We're now ready to visualise our data. Today I want to introduce you to another popular data visualisation tool that you can use alongside plotly and Matplotlib: Seaborn. Seaborn is built on top of Matplotlib and it makes creating certain visualisations very convenient.
Import Seaborn
The first step is adding Seaborn to our notebook. By convention we'll use the name sns
.
Seaborn Scatter Plots
To create a .scatterplot(), all we need to do is supply our DataFrame and the column names that we'd like to see on our axes.
sns.scatterplot(data=data_clean, x='USD_Production_Budget', y='USD_Worldwide_Gross')
That should look familiar. Because Seaborn is built on top of Matplotlib, we can dive into the Matplotlib layer anytime to configure our chart. For example, we can increase the size of our figure:
And to style our chart we can simply configure the Axes
object that is returned from sns.scatterplot()
.
Here's how:
plt.figure(figsize=(8,4), dpi=200) ax = sns.scatterplot(data=data_clean, x='USD_Production_Budget', y='USD_Worldwide_Gross') ax.set(ylim=(0, 3000000000), xlim=(0, 450000000), ylabel='Revenue in $ billions', xlabel='Budget in $100 millions') plt.show()
Here we're diving into the Matplotb layer to set the limits on the axes and change the labels.
From Scatter Plot to Bubble Chart
But the reason we're using Seaborn is because of the hue
and size
parameters that make it very easy to create a bubble chart. These parameters allow us to colour the data and change their size according to one of the columns in our DataFrame.
plt.figure(figsize=(8,4), dpi=200) ax = sns.scatterplot(data=data_clean, x='USD_Production_Budget', y='USD_Worldwide_Gross', hue='USD_Worldwide_Gross', # colour size='USD_Worldwide_Gross',) # dot size ax.set(ylim=(0, 3000000000), xlim=(0, 450000000), ylabel='Revenue in $ billions', xlabel='Budget in $100 millions',) plt.show()
Now our higher grossing movies are bigger and darker on our chart. That's super handy. But Seaborn offers a number of convenient styling options as well.
To set the styling on a single chart (as opposed to all the charts in the entire notebook) we can use Python's with
keyword. We've seen with
used already when it comes to opening files in previous lessons.
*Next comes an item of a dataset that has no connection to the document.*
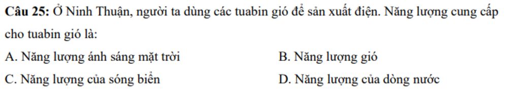 `@`Tại tỉnh Ninh Thuận, người ta sử dụng các tuabin gió hoạt động để sản xuất điện. Năng lượng cung cấp cho tuabin gió là năng lượng của gió sử dụng sức gió để quay cánh quạt và chuyển động các động cơ tạo ra điện năng

plt.figure(figsize=(8,4), dpi=200) # set styling on a single chart with sns.axes_style('darkgrid'): ax = sns.scatterplot(data=data_clean, x='USD_Production_Budget', y='USD_Worldwide_Gross', hue='USD_Worldwide_Gross', size='USD_Worldwide_Gross') ax.set(ylim=(0, 3000000000), xlim=(0, 450000000), ylabel='Revenue in $ billions', xlabel='Budget in $100 millions')
In addition to 'darkgrid'
, Seaborn has a number of built-in themes. so you can style your chart very quickly. Try out 'whitegrid'
, 'dark'
, or 'ticks'
for example.
Now that you've seen how to create a beautiful bubble chart in Seaborn, it's time to create your own. Can you write the code to replicate this chart? Notice how we are actually representing THREE dimensions in this chart: the budget, the release date, and the worldwide revenue. This is what makes bubble charts so awesomely informative.
.
.
..
...
..
.
.
Solution: Movie Budgets over Time
Alright, I hope that was fairly straightforward. All you needed to do is change a few arguments:
plt.figure(figsize=(8,4), dpi=200) with sns.axes_style("darkgrid"): ax = sns.scatterplot(data=data_clean, x='Release_Date', y='USD_Production_Budget', hue='USD_Worldwide_Gross', size='USD_Worldwide_Gross',) ax.set(ylim=(0, 450000000), xlim=(data_clean.Release_Date.min(), data_clean.Release_Date.max()), xlabel='Year', ylabel='Budget in $100 millions')
Analysis
What do we see here? What is this chart telling us? Well, first off, movie budgets have just exploded in the last 40 years or so. Up until the 1970s, the film industry appears to have been in an entirely different era. Budgets started growing fast from the 1980s onwards and continued to grow through the 2000s. Also, the industry has grown massively, producing many more films than before. The number of data points is so dense from 2000 onwards that they are overlapping.